## What you need to do:
Skip the pictures. Quote every line below, exactly, from the one with "Photo de la" through the final line.
### Supplied entries
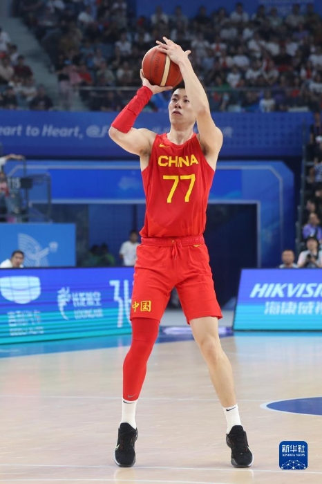 9月28日,中國(guó)隊(duì)球員張鎮(zhèn)麟在比賽中投籃。
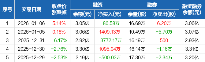 金晶科技:融资净偿还86.58万元,融资余额3.05亿元(01-06)
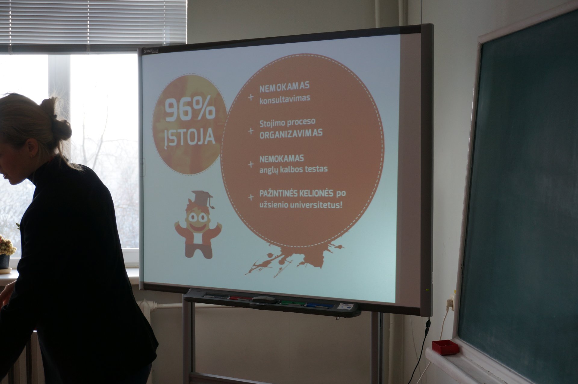 Lapkričio 9 dieną gimnazijoje svečiavosi projekto ,,Kurk Savo Ateitį!“ organizacijos „KASTU International“ atstovė Monika Elijošienė, kuri pasidalijo aktualia bei naudinga informacija apie studijų užsienyje galimybes, stojimo į aukštąsias mokyklas procesą, finansavimo galimybes. Gimnazistai buvo supažindinti su Danijos, Švedijos, Nyderlandų, Anglijos bei Škotijos švietimo sistema, jiems papasakoti jau studijavusių šiose šalyse atsiliepimai. Atstovė pateikė ir kitos vertingos medžiagos, pavyzdžiui, kaip užpildžius vieną anketą internetu galima įstoti net į kelis skirtingus universitetus. Gimnazistai susidomėjo tuo, kad yra organizuojamos kelionės į Danijos ir Nyderlandų aukštąsias mokyklas, kada mokiniai patys gali pabendrauti su dėstytojais ir studentais. Tikimės, kad susitikimas padės jauniems žmonėms apsispręsti, kokį kelią rinktis ateityje.
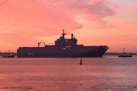 Photo de la sortie confidentielle du Mistral russe pour essais – 15.09.2014
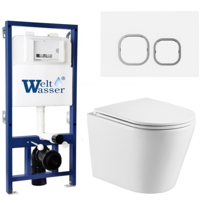 Подвесной унитаз с инсталляцией WeltWasser Bamberg 525 / Salzbach 043 GL-WT / Bamberg WT 10000012936 белый глянцевый
######
## Exercise output:
 Photo de la sortie confidentielle du Mistral russe pour essais – 15.09.2014
 Подвесной унитаз с инсталляцией WeltWasser Bamberg 525 / Salzbach 043 GL-WT / Bamberg WT 10000012936 белый глянцевый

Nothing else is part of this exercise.